The logistics landscape in Kuala Lumpur is poised for remarkable stability through 2025, as detailed in a recent report by JLL. This trend is largely fueled by the booming e-commerce sector and the global technology upcycle, spurred on by a surge in artificial intelligence (AI) innovations that are reshaping the demand for modern logistical spaces.
A significant shift is on the horizon with Malaysia’s expansion of the Sales and Service Tax (SST), effective July 2025. This adjustment brings real estate leasing transactions into the tax fold, introducing an 8% taxation rate. As landlords and tenants grapple with these changes, negotiations will likely become central to finding a balance in operational costs.
The logistics property sector is experiencing exceptional growth, propelled by new developments that are witnessing impressive net absorption rates. High-quality facilities are attracting eye-catching tenancies from leading sports brands and consumer goods companies.
This surge can be predominantly traced back to sectors such as Automotive, Electrical and Electronics (E&E), and third-party logistics (3PL) providers, alongside various manufacturers. Current projects are enjoying robust pre-commitment rates, signaling strong market confidence.
In the second quarter of 2025, notable expansions in Shah Alam and Pulau Indah added approximately 2 million square feet of Grade A warehouse space to the market, answering specialized demand from the Automotive and E&E industries. Surprisingly, vacancies remain astoundingly low, at just 2%, even amid these new deliveries. Companies are increasingly migrating towards premium quality spaces, indicating a clear preference for top-tier facilities.
Despite some anticipated challenges, such as increases in SST and electricity costs slated for July, rental rates have held steady within the market. Pulau Indah, in particular, has seen notable growth as emerging prime facilities close the gap with more established submarkets.
Real Estate Investment Trusts (REITs) are actively expanding their portfolios through strategic acquisitions. A prime example is AmanahRaya REIT’s acquisition of a warehouse in Kuala Langat through a sale-and-leaseback arrangement, which not only secures stable income but also assures operational continuity for the tenant—a win-win in today’s fast-paced market.
What key factors are driving growth in the logistics sector in Kuala Lumpur?
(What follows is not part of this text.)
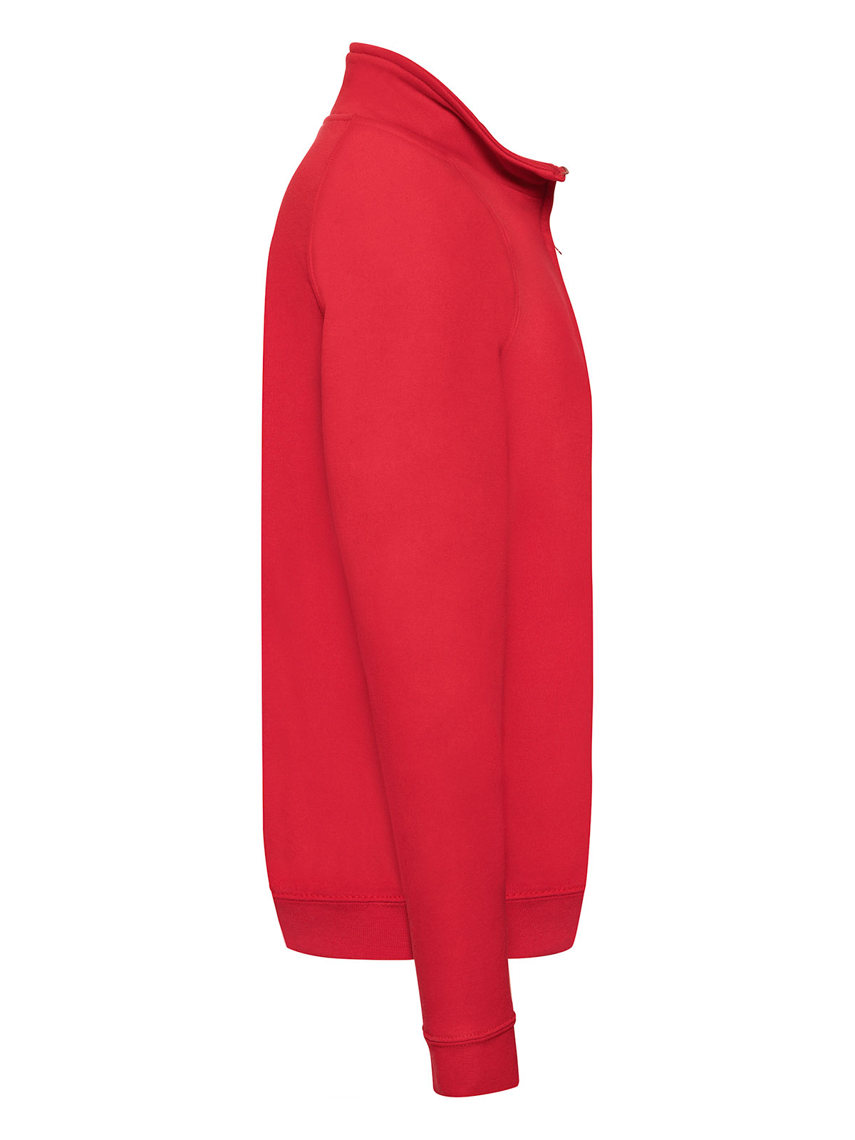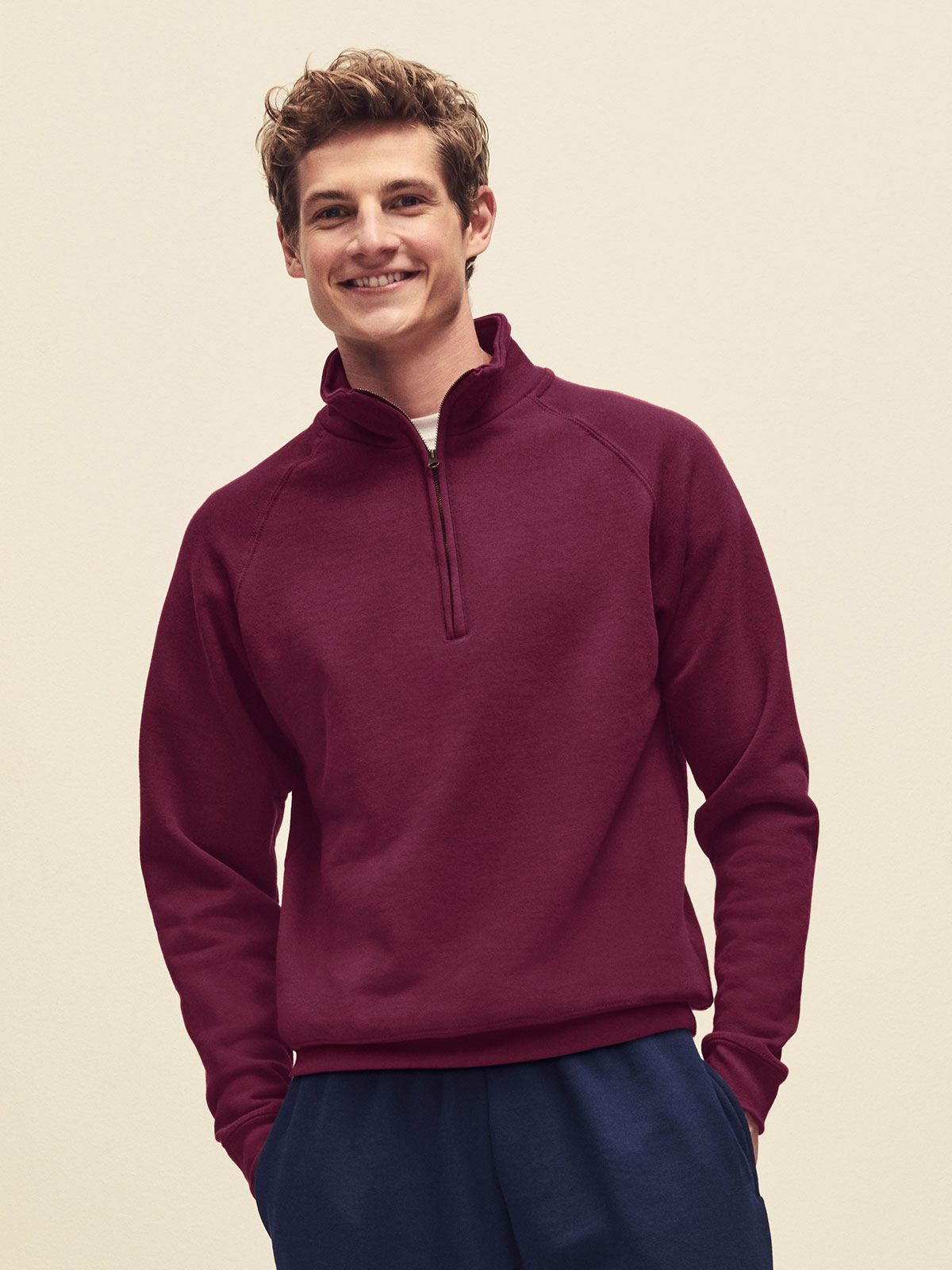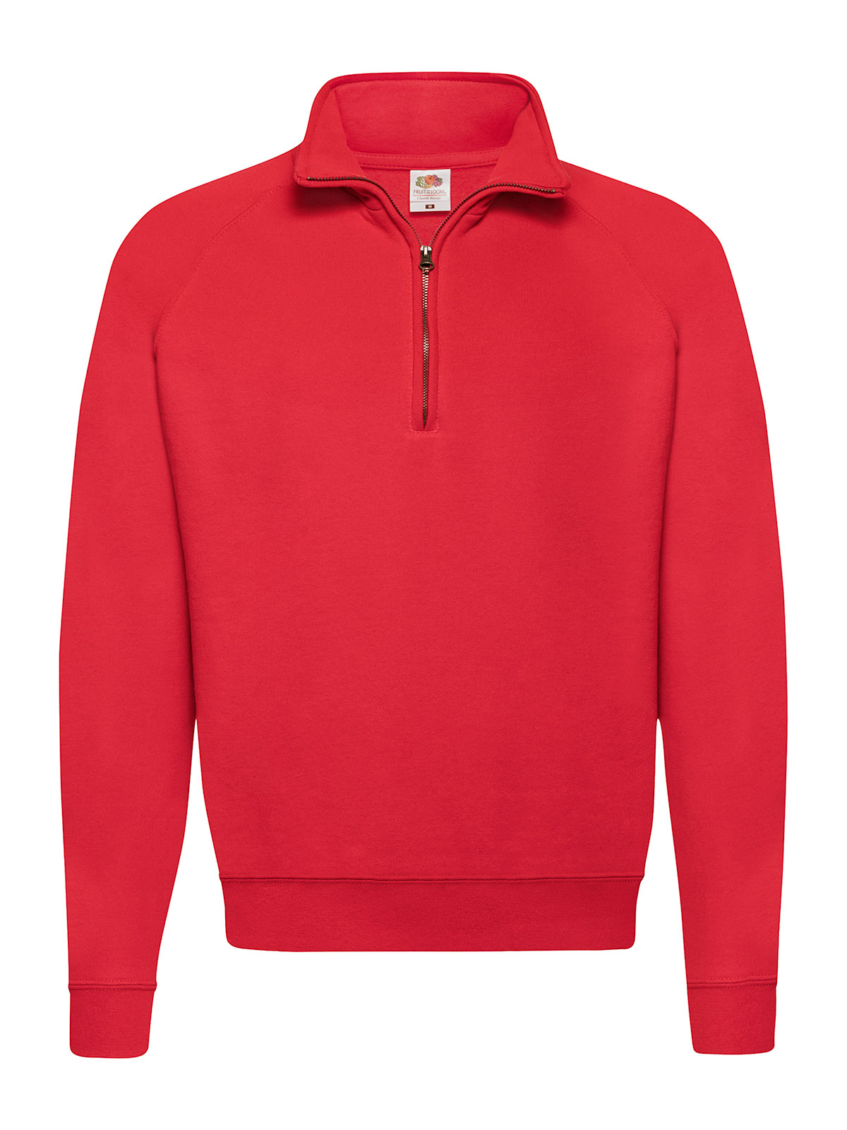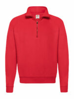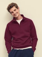 80% cotone, 20% poliestere. Felpa con maniche raglan, zip ¼ con tiralampo, felpata internamente, struttura con cuciture laterali.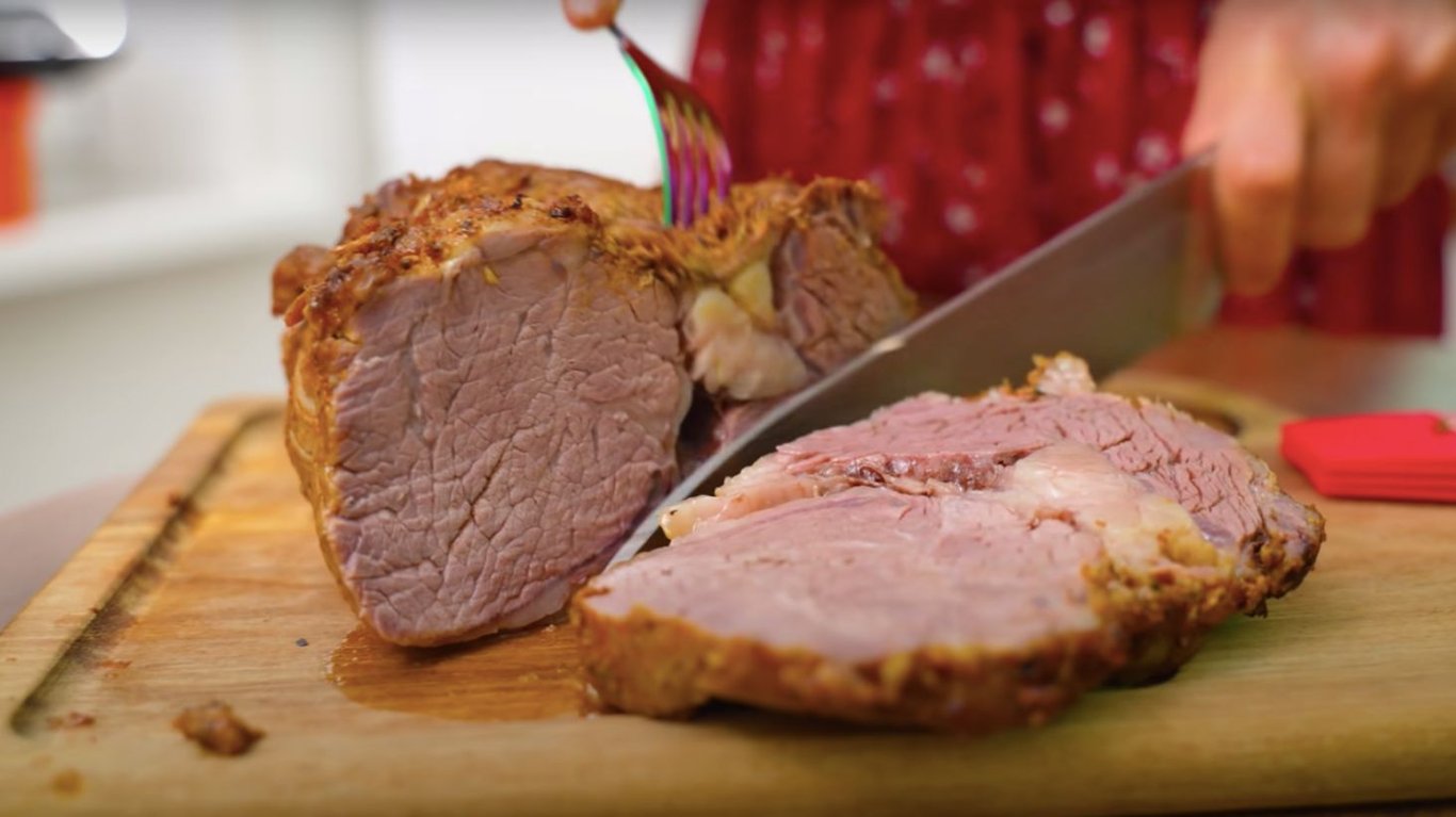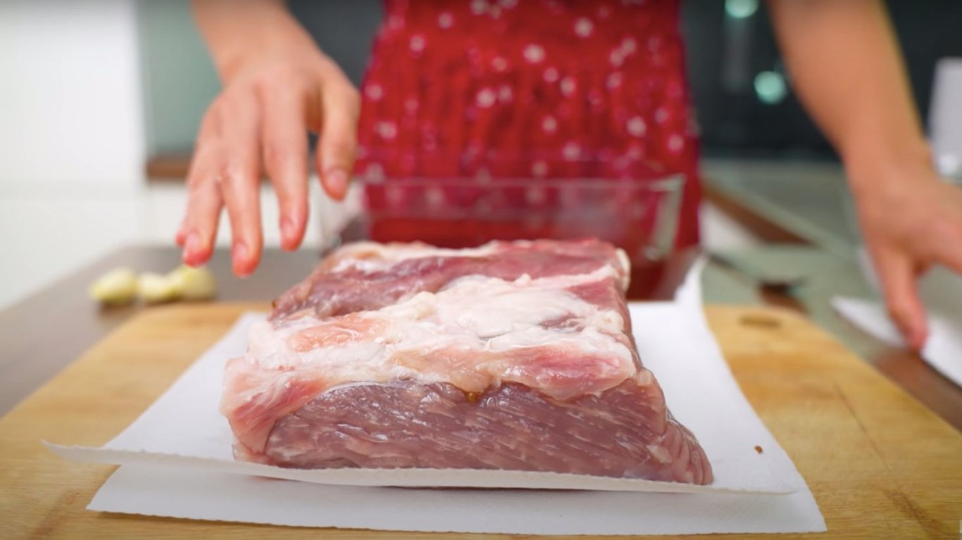 Шматок свинини. Фото: YouTube @AlinaFooDee

The logistics sector’s growth is primarily driven by the expansion of e-commerce, the Automotive and Electrical and Electronics industries, along with 3PL providers, each increasing demand for modern storage solutions.
How will the new Sales and Service Tax affect landlords and tenants?
The introduction of the 8% SST on real estate leasing transactions will likely prompt landlords and tenants to engage in negotiations to adapt to the new tax landscape, helping to manage the impact on operational costs.
What does the current vacancy rate suggest about the market?
With the vacancy rate at an impressive 2%, the logistics market shows strong demand dynamics, as companies prefer to incorporate higher-quality spaces, indicating a healthy appetite for premium logistical solutions.